Все эти варианты представляются нам неспособными передать толстовскую экспрессию и смысловую насыщенность ситуации. Мне кажется, что лучше других с этой задачей справился американский переводчик конца XIX века Натан Хаскел Доу , заменивший одно сильное выражение другим:

«You sh... (то есть «shit». — И. В.) he began, menacing the count with his upraised whip-handle».

Это «sh...», хотя и неточно по словарному смыслу, хорошо передает простонародно-фамильярно-скатологическую основу использованного Толстым ругательства. Родственное ему немецкое слово с отточием было использовано и в одном немецком переводе толстовской эпопеи конца XIX века: «— Augen auf Sch... (то есть „Scheisse”. — И. В.) schrie er, indem er dem Herrn mit der erhobenen Peitsche bedrohte. Den Wolf durchgelassen!.. Jäger». А вот у французов что-то сахарное вышло: «Sacré nom...»

2. Sh...

К слову, в самом романе Толстого дважды появляется персонаж, имя которого, записанное латинскими буквами, подозрительно напоминает это смачное английское выражение — некто M-r Shittoff. Я заметил, что некоторые наблюдательные американские студенты прыскают, завидев в тексте это имя, почему-то представленное автором по правилам английской, а не французской или немецкой орфографии.

Во втором томе эпопеи рассказывается о том, как Анна Павловна Шерер знакомит приехавшего в столицу блестящего адъютанта Бориса Друбецкого с некоторыми незнакомыми ему лицами и каждому шепотом дает «ритуальное» определение:

«— Le Prince Hyppolite Kouraguine — charmant jeune homme. M-r Kroug chargé d’affaires de Kopenhague — un esprit profond, и просто: Мr Shittoff, un homme de beaucoup de mérite, — про того, который носил это наименование».

В русском переводе самого Толстого:

«— Князь Ипполит Курагин, милый молодой человек. Г. Круг, Копенгагенский поверенный в делах, глубокий ум... Г. Шитов, весьма достойный человек».

Это место привлекло к себе внимание набокововеда Григория Утгофа, остроумно предположившего, что копенгагенский поверенный в делах г. Круг (анаграмматически представленный уже в имени Курагина) был замечен Владимиром Набоковым и «перенесен» в его собственный роман (Адам Круг в «Bend Sinister»). Нас здесь интересует его спутник — «un homme de beaucoup de mérite» Шитов. Заметим, что на страницах эпопеи он появляется еще раз в 1812 году, но называется здесь не по имени, а по своей салонной аттестации: «L’homme de beaucoup de mérite», который «ухаживал за Анной Павловной по случаю желания назначения попечителем женского учебного заведения». Мы не знаем, получил ли он это назначение в итоге, но, по Толстому, именно люди такого сорта и преуспевали при дворе.

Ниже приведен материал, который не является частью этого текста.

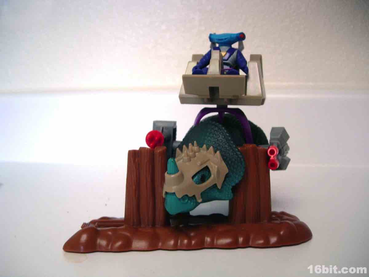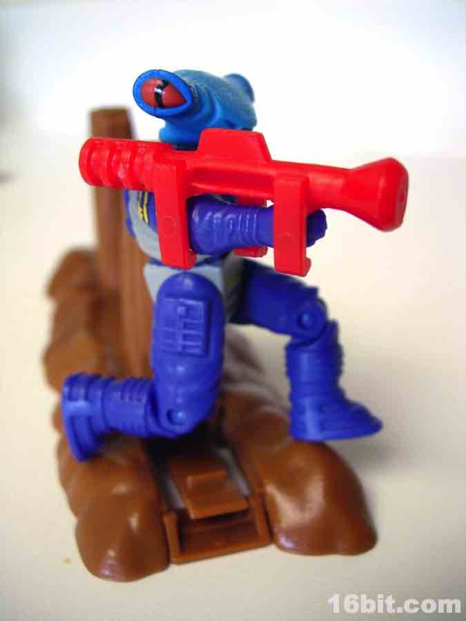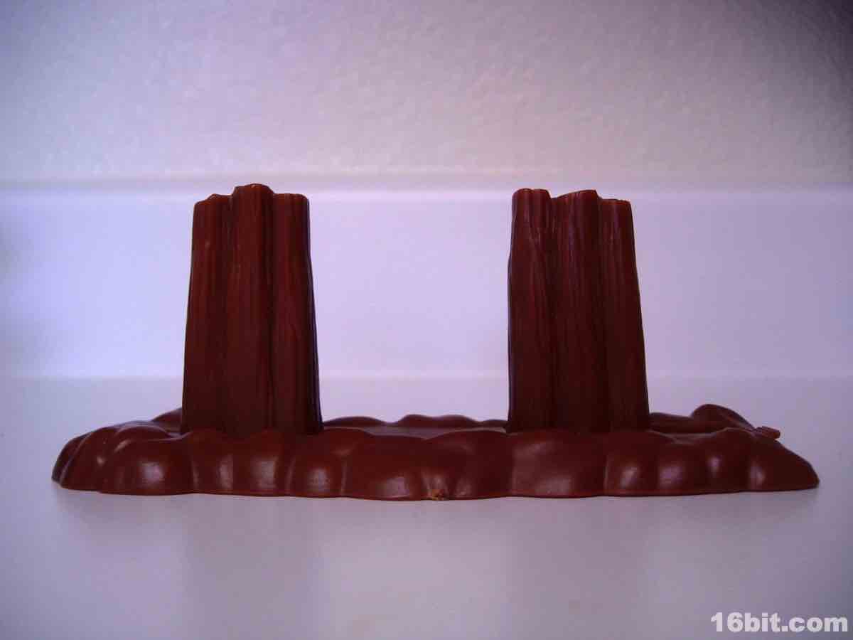 The good guys ("Dino-Riders") were futuristic space hippies with telepathic whatsis and love and all that crap. The bad guys were the Rulons, and since they didn't want to be pals with the dinosaurs they just slapped on a "brain box" to control them after trapping them. Naturally, Tyco thought they should include traps with some of the toys and sure enough, the Monoclonius has a funky log trap. The box says it's "spring action" but it's just a simple rubber band mechanism-- you push the log to the side, and it locks in place. Push the button and it grabs the poor monoclonius by the neck, until you slap a mask on his face and his friends make fun of him for dressing strangely. It's a cruel, cruel toy line.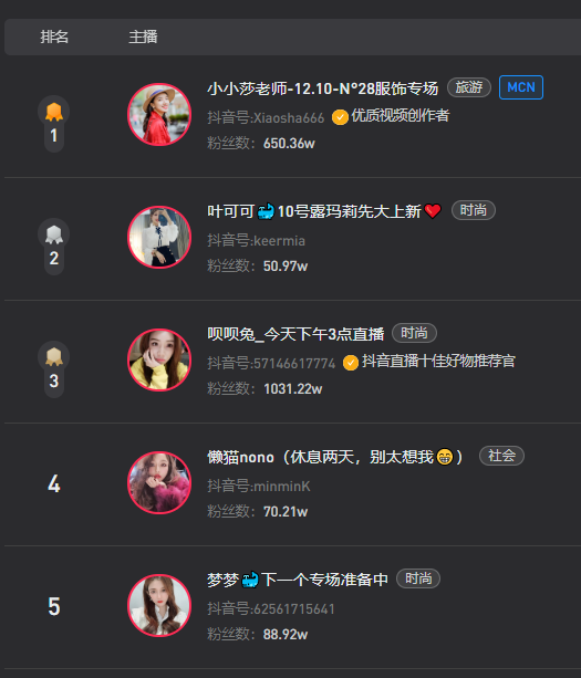 据新榜旗下抖音全场景AI数据平台新抖数据 的主播带货排行统计,包括“小小莎老师”、“叶可可”、“呗呗兔_”、“懒猫nono”等主播位居12月10日带货榜前列。

И все же можно ли считать имя Shittoff, дезавуирующее лестную салонную аттестацию, «говорящим» (так сказать, английский «мосье Какашкин»)? Как я уже говорил, англоязычные читатели так его и понимают. Забавно, что викторианские переводчики стремились как можно сильнее завуалировать это неприличное имя (предлагались варианты «Sitof — a man of great ability» — и даже «Schittrow»). «Модернистские» переводчики, напротив, стремились еще более подчеркнуть его непристойный смысл — «Shitof», «Shitov». Переводчики-буквалисты, в свою очередь, просто передавали оригинальное написание Толстого.

Вообще, если позволить себе под стать некоторым переводчикам (и Набокову) поиграть в слова, то для современного англоязычного читателя появление в пределах одного предложения Krouq и Shittoff звучит не только как игра со словами «crook» (жулик) и «shit», но и как парафраз идиомы «crock (croq) of shit», означающей «ложь, обман, кажимость, претенциозность» и восходящей (якобы) к горшку с дерьмом как античному символу народного неодобрения публичных спикеров (есть карикатура Шарля-Жозефа Травье на короля Луи-Филиппа с французским аналогом этого выражения: августейший демагог восседает на горшке с соответствующей субстанцией).

По самой сути дела, салон Шерер — это такой, простите за выражение, «crock of shit». Неважно, что этой идиомы Толстой не знал. Важно, что она льет воду на его мельницу и конкретизирует смысл всей сцены до физиологической густоты. Одним словом, как говорится в инфантильно-непристойном анекдоте моего детства — «встаньте дети, встаньте в круг». И так далее.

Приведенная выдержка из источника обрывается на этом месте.